Directions:
Every line of the data below should be repeated exactly, and no picture should be copied.

Recorded information:
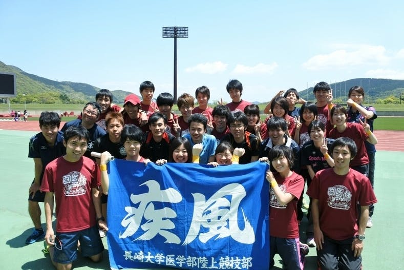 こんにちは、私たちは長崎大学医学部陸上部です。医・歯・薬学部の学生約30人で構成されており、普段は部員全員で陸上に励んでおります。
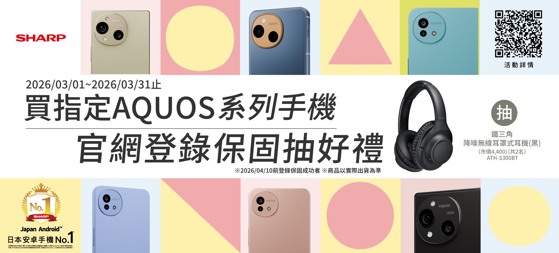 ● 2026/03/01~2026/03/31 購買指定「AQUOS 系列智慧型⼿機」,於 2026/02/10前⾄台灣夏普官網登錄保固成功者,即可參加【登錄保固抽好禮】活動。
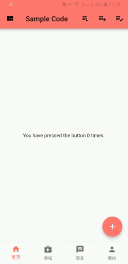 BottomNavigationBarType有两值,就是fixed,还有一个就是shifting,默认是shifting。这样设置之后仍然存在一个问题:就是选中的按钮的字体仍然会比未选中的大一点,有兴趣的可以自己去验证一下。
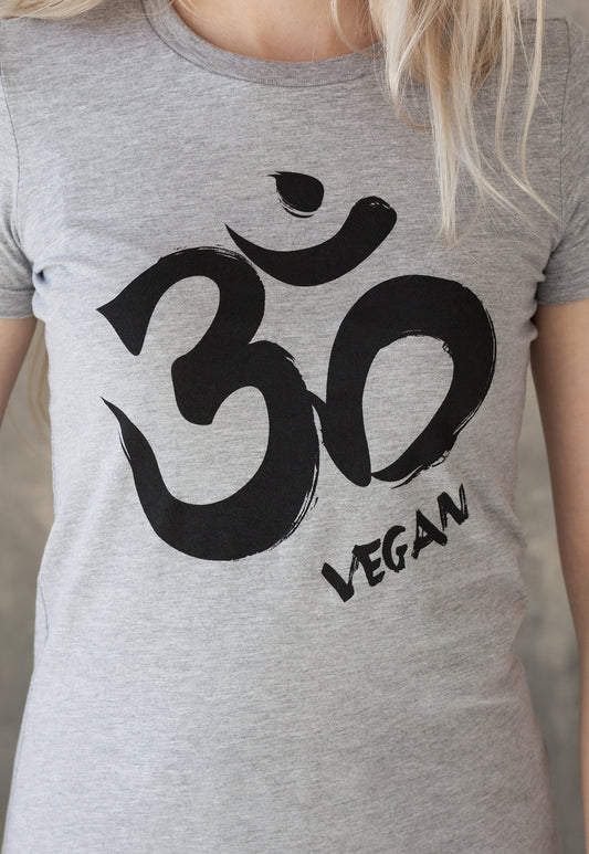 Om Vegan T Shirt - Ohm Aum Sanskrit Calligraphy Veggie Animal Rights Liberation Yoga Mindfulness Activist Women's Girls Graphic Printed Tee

Response box:
 こんにちは、私たちは長崎大学医学部陸上部です。医・歯・薬学部の学生約30人で構成されており、普段は部員全員で陸上に励んでおります。
 ● 2026/03/01~2026/03/31 購買指定「AQUOS 系列智慧型⼿機」,於 2026/02/10前⾄台灣夏普官網登錄保固成功者,即可參加【登錄保固抽好禮】活動。
 BottomNavigationBarType有两值,就是fixed,还有一个就是shifting,默认是shifting。这样设置之后仍然存在一个问题:就是选中的按钮的字体仍然会比未选中的大一点,有兴趣的可以自己去验证一下。
 Om Vegan T Shirt - Ohm Aum Sanskrit Calligraphy Veggie Animal Rights Liberation Yoga Mindfulness Activist Women's Girls Graphic Printed Tee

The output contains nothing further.